RT-qPCR data were generated using total RNA reverse transcribed into cDNA by the SuperScript III First-Strand Synthesis Supermix (Invitrogen, NY, USA ) and TaqMan reagents and assays (Applied Biosystems, CA, USA) according to the manufacturer’s protocol. 500 ng total RNA was mixed with 50 μM Oligo(dT) primer, 50 ng/μl random hexamer primer, and Annealing buffer. The sample was incubated in the thermal cycler at 65°C for 5 minutes to unfold loops together with secondary structures. Following incubation, 2x First-Strand Reaction mix and SuperScript III/RNaseOUT Enzyme mix were added to the sample, and the sample was incubated in the thermal cycler at 25°C for 5 minutes, 50°C for 50 minutes, and then 80°C for 5 minutes. The cDNA was used directly in RT-qPCR or stored at −20°C.
For RT-qPCR, 2x TaqMan Universal Master mix without AmpErase UNG (Applied Biosystems, CA, USA) and 20x TaqMan gene expression assay was mixed. The cDNA product was diluted 10 times, and 4 μl of the cDNA product was used as template.
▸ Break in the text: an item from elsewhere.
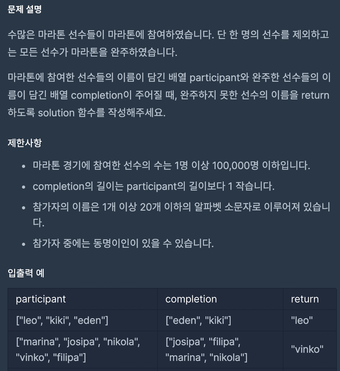 수많은 마라톤 선수들이 마라톤에 참여하였습니다. 단 한 명의 선수를 제외하고는 모든 선수가 마라톤을 완주하였습니다. 마라톤에 참여한 선수들의 이름이 담긴 배열 participant와 완주한 선수

The cDNA product was amplified using a two-step thermal profile: 95°C for 10 minutes, followed by 50 cycles at 95°C for 15 seconds and 60°C for 1 minute.
The RT-qPCR was performed using cDNA product and the TaqMan gene expression assays (Applied biosystems, CA, USA) specific for CD74 (Hs00959496_m1), HLA-DRA (Hs00219576_m1), and BCL6 (Hs00153368). To correct for sample-to-sample variations in efficiencies and errors in quantification, the TaqMan Pre-Developed endogeneous control assay (Applied Biosystems, CA, USA), TBP (333769F), were used for normalisation. Amplified mRNA was detected by the Mx3000P QPCR instrument (Stratagene, CA, USA).
Data processing and analysis
Generation of .CEL-files and gene summarization
CEL-files were generated by the Affymetrix GeneChip Command Console Software (AGCC) and deposited at the NCBI Gene Expression Omnibus (GEO) under accession number GSE40311. The .CEL-files were imported into Bioconductor using the aroma.affymetrix package. The .CEL-files were background corrected and quantile normalised by the RMABackgroundCorrection and QuantileNormalization functions from the aroma.affymetrix package . Core probe intensities were summarised to gene expression levels by means of the ExonRMAPlm(, mergeGroups=TRUE) function using the customised cdf-file for core transcripts downloaded from http://bcgc.lbl.gov/cdfFiles/HuEx-1_0-st-v2,A20071112,EP/HuEx-1_0-st-v2,coreR3,A20071112,EP.cdf webcite.
Extraction, annotation and gene summarization of tag sequences
The Illumina Pipeline software version 1.3 was used for image analysis and base calling, omitting chastity filtering, otherwise using default settings. Data were imported into the CLC Genomics Workbench 4.5 and sequence error corrected by the SAGEScreen method. The first 17 bp of the tag sequences were extracted from the output file according to the second adaptor containing the identification key for each sample. The unique tags were sorted and counted for each sample using the CLC Genomics Workbench 4.5 and exported to .txt-files. These text files were imported into Bioconductor. Due to a large library-to-library variation in the amount of obtained tags the set of tags in the libraries were randomly sub-sampled without replacement to equal the size of the smallest library.
Each unique tag sequence was annotated by mapping the reads with the anchoring NlaIII restriction site to the ENSEMBL Homo Sapiens cDNA reference transcriptome (release 63) downloaded from ftp://ftp.ensemble.org webcite on both the coding and non-coding strands using Bowtie version 0.12.7 . The setting –v1 was used allowing Bowtie to accept a maximum of one mismatch. ENSEMBL identifiers were via Entrez identifiers, mapped to gene symbols by use of the R-package Biomart and the org.hs.eg.db database. The total expression for each gene was calculated by summing all tags mapped to the same gene. Tag-seq data were deposited at GEO under accession number GSE40311.
All statistical analyses were done with R Version 2.13.2 (64 bit Windows version) and a number of Bioconductor packages  as described below. Detailed session information is contained in Additional file 7. P-values were false discovery rate (FDR) corrected by the Benjamini-Hochberg procedure and 0.05 was used as significance level.
Format: TXT Size: 1KB Download file
Differentially expressed genes
Since no replicates were present for the pure cell lines, it was assumed for exon microarrays that the expression value, Ygi, for the g’th gene out of G genes and the i’th sample out of two samples is N(μgi, σ2) - distributed. Then, under the null hypothesis of no difference in gene expression of gene g between sample 1 and 2, Yg1 − Yg2, is N(0, 2σ2) -distributed. If
this means that P-values of the z-scores zg = (Yg1 − Yg2)/s can be used to test the hypothesis of no difference in gene expression levels. The P-values of the z-scores can be FDR corrected by the Benjamini-Hochberg procedure as implemented in the Bioconductor package fdrtool.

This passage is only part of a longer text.